I had applied for a cinderella license because I had been attending summer classes at a local CC at the time (about a year ago). They put all of us looking for the license in a room to face the board who would judge whether or not we were worthy. I was the youngest by at least 10 years from everyone else there. I was shocked when the clerk read aloud everyone elses driving history. Everything from dozens of driving on suspended licences, more moving violations in 3 years then you have fingers and toes, oweing thousands of dollars from going through fast lane with no fast lane subscription. And here I was with my one JOL speeding violation. I'm otherwise a good kid who keeps out of trouble, I knew I deserved the ticket, but I felt a little angered that because of that I'd have to face having a suspension on my record for it.


----------



## XXYYXX (Jul 23, 2012)

Good to know.


----------



## HistoryHound (Aug 30, 2008)

mtc said:


> Some of the better cops I know/work with - were hardly choirboys when they were teenagers.

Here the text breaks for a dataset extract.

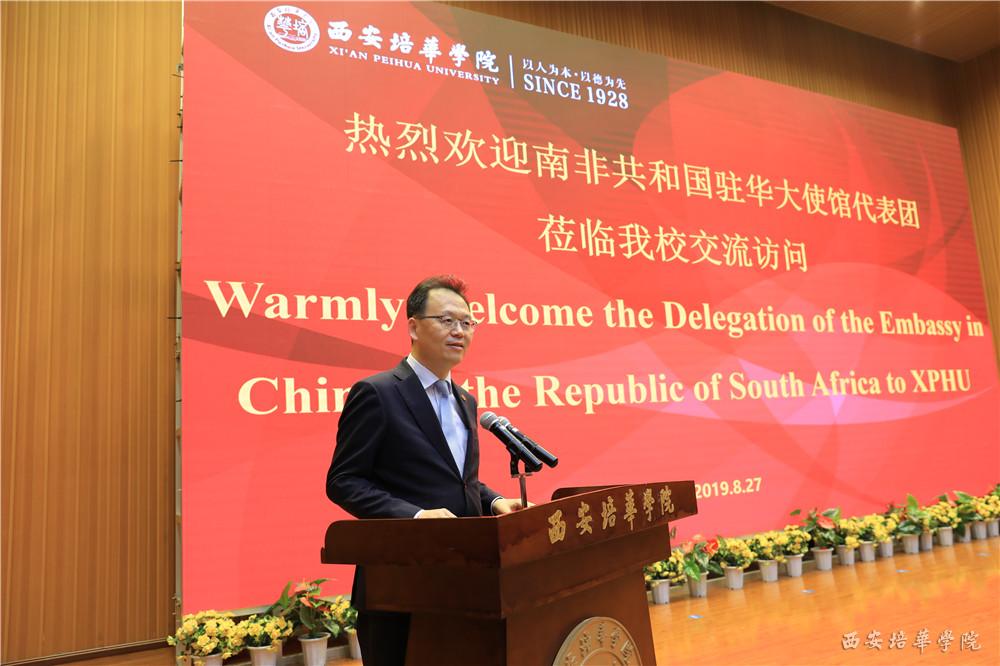 14时,南非驻华大使馆代表团成员与我校400余位学生在图书馆报告厅进行了互动交流。姜波理事长对南非驻华大使馆代表团的到来,表示衷心感谢和热烈欢迎。他回顾了培华九十余年办学历史,着重强调了我校一直以来重视女性教育和女性领导力的提升,坚定围绕“地方性、应用型、国际化”的办学定位建设学校,培养人才。他同时表示,南非是个美丽、富饶的非洲国家,中非一直以来保持着紧密友好的双边关系,希望南非和中国的青年人能够加深了解、互相信任,呼吁在场的学生关注世界、关注南非。

The good thing is now some of them attend choir practice from time to time.


----------



## frapmpd24 (Sep 3, 2004)

I don't agree with the one strike and you're out suspensions for JOL violations, way to heavy handed and unreasonable across the board. Unless it is an absolutely egregious violation where there criminal charges are warranted, I rather have some dialog with the parents, grandparents, aunts/uncles, teachers, or any trusted adult in the teens life, even a couple times, before writing them for a minor violation.

As 263FPD pointed out before, there is more leniency for much more serious offenses. CWOF's and probation for serious felonies all the time, but if a teen gets written for 10 over it triggers a suspension first time out. Just a little lopsided. The state won't pass a three strikes law for felons but will pass a one strike for teens who maybe young adults, but not even close to mature.

As for your job prospects, one ticket isn't a deal killer. I have heard of departments who have hired multiple people with past restraining orders (yes, thats plural, not a typo). Even multiple people with past OUI's. I wouldn't however, wish to test the above offenses at most places. Just be careful going forward and focus on your education and experience.


Sent from my iPhone using Tapatalk


----------